General Discussion
In reply to the discussion: I'm a black doctor. My neighbors called the cops on me for listening to Biggie. [View all]moriah
(8,312 posts)... I've never had to call the cops for noise complaints. And yes, I worked nights for five years.
Why do I think it could be privilege making me never have to resort to it?
1) The whole ginger stereotype of a temper. I do have one, but learned through observation of family that four-letter words and yelling did very little, while the reverse -- especially when actually extremely angry -- worked wonders because it apparently led to an appearance of being a ginger about to snap (heh, puns). When I am not actually angry, just mildly annoyed, perhaps people fear I'll go from zero to SuperBitch and so they take a "friendly request" as getting off lucky.

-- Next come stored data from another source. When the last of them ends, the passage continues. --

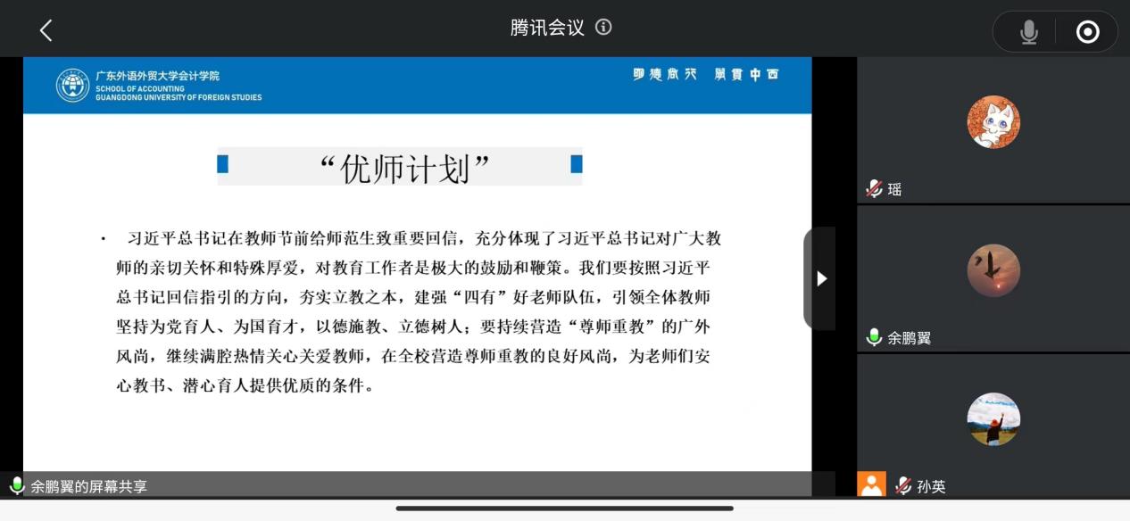 余鹏翼分享了习近平总书记给北京师范大学“优师计划”师范生的回信的背景和主要内容。他强调,习近平总书记在教师节前给师范生致重要回信,充分体现了习近平总书记对广大教师的亲切关怀和特殊厚爱,对教育工作者是极大的鼓励和鞭策。我们要按照习近平总书记回信指引的方向,夯实立教之本,建强“四有”好老师队伍,引领全体教师坚持为党育人、为国育才,以德施教、立德树人;要持续营造“尊师重教”的广外风尚,继续满腔热情关心关爱教师,在全校营造尊师重教的良好风尚,为老师们安心教书、潜心育人提供优质的条件。
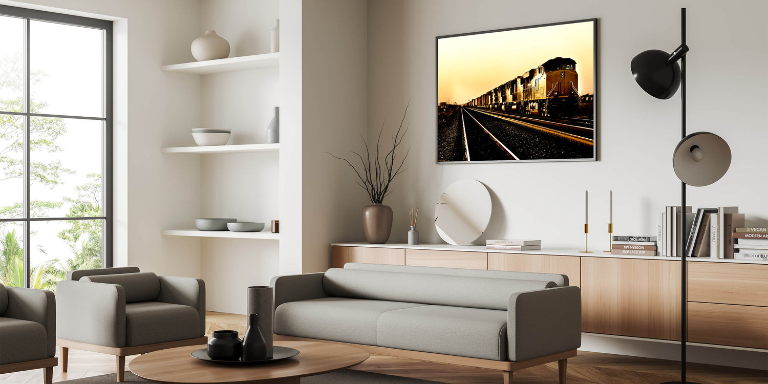 Sunset Freight Train Wall Art - Railroad Poster for Modern Decor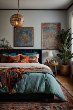 Create a Bohemian-style bedroom design with integrated modern technology. Emphasize vibrant colors, eclectic patterns, and a mix of textures. The room should feel free-spirited and artistic, with unconventional decor and smart home gadgets. Consider including elements like programmable mood lighting and artistic digital displays. This design should foster a sense of creativity and unconventionality, appealing to those who love a lively, tech-savvy, and unconventional living space.

2) Being female, I'm not likely to be perceived as escalating a situation by my intervention as much, especially if I use the folkways learned growing up as one. We're socially conditioned to learn the art of smoothing things over. We certainly aren't likely capable of causing physical harm to someone we approach directly vs getting a cop/manager to do it -- and maybe it's the gingertude, but I am not afraid for my *own* physical safety knocking on someone's door, or walking up to someone in a parking lot working on a car, etc. Most people are people, and "Hey, I know it's daytime and all but **insert reason here why noise is bothersome**, so could you turn it down?" is not that scary to say. At least for me.

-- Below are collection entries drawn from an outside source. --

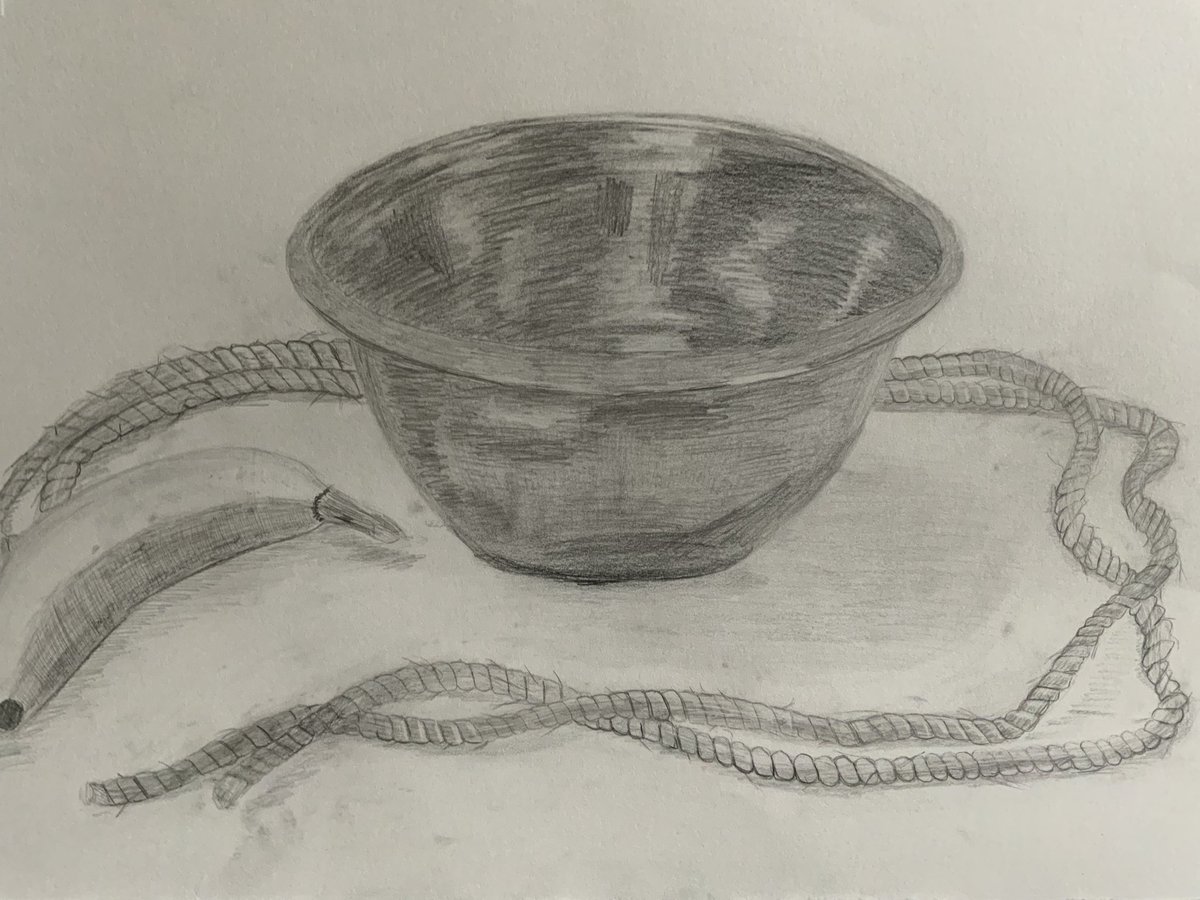ボウルとバナナとロープ 短時間だったからかボウル全然描きこめてない、、、 #絵描きさんと繫がりたい #デッサン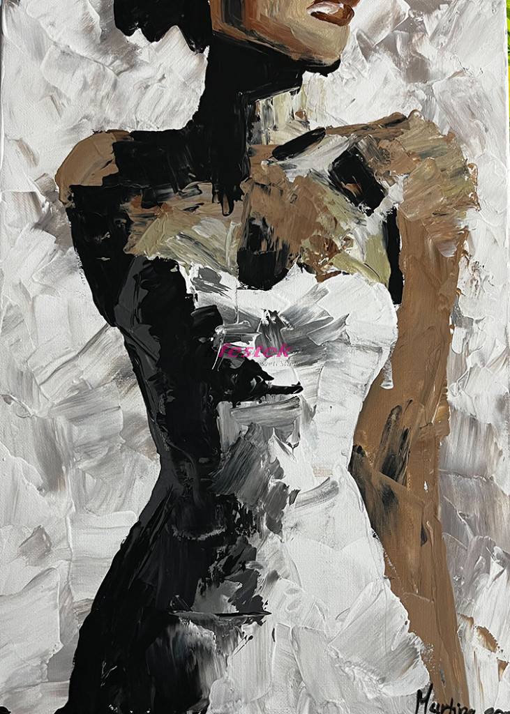 Kézzel festett akril festmény fa keretre feszített vásznon.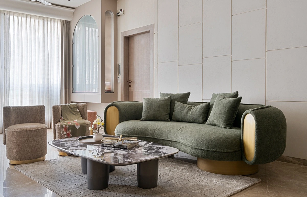Taking this design language forward, Interior Designer Neha Jaipuria of Olive Design Studio has crafted a residence that beautifully embodies the concept. Located in Kolkata, this thoughtfully planned apartment combines serene tones, tactile finishes, elegant furniture, and purposeful layouts to create a deeply liveable sanctuary. It stands as a compelling example of what Luxury Residential Interior Design tends to be in Kolkata, where simplicity is elevated through detail rather than decoration.

Yes, I've called the cops when domestic disputes escalated -- fights between men that got physical, or yelling matches heard between men and women where I feared for people's safety more than the noise concerns. But when it was just display yelling between men and I saw no blows being exchanged, I walked outside and simply said, loud enough to be heard, "Is there a problem? Do you *need* me to call the law?" I'm sure I sounded annoyed -- I was. The person causing trouble left, and the neighbor thanked me for demonstrating to that person that such doesn't fly here.
I just don't understand why people don't have the guts to simply talk things out unless there's a legitimate safety concern. According to this account at least, not a single person of the many he must have been bothering so much bothered to knock, and the noise wasn't happening when the cop showed up. If nothing else, a *faster* resolution certainly would have come from a knock on the door by a neighbor vs waiting for a cop -- whose presence was essentially useless once he did get there and his time was wasted.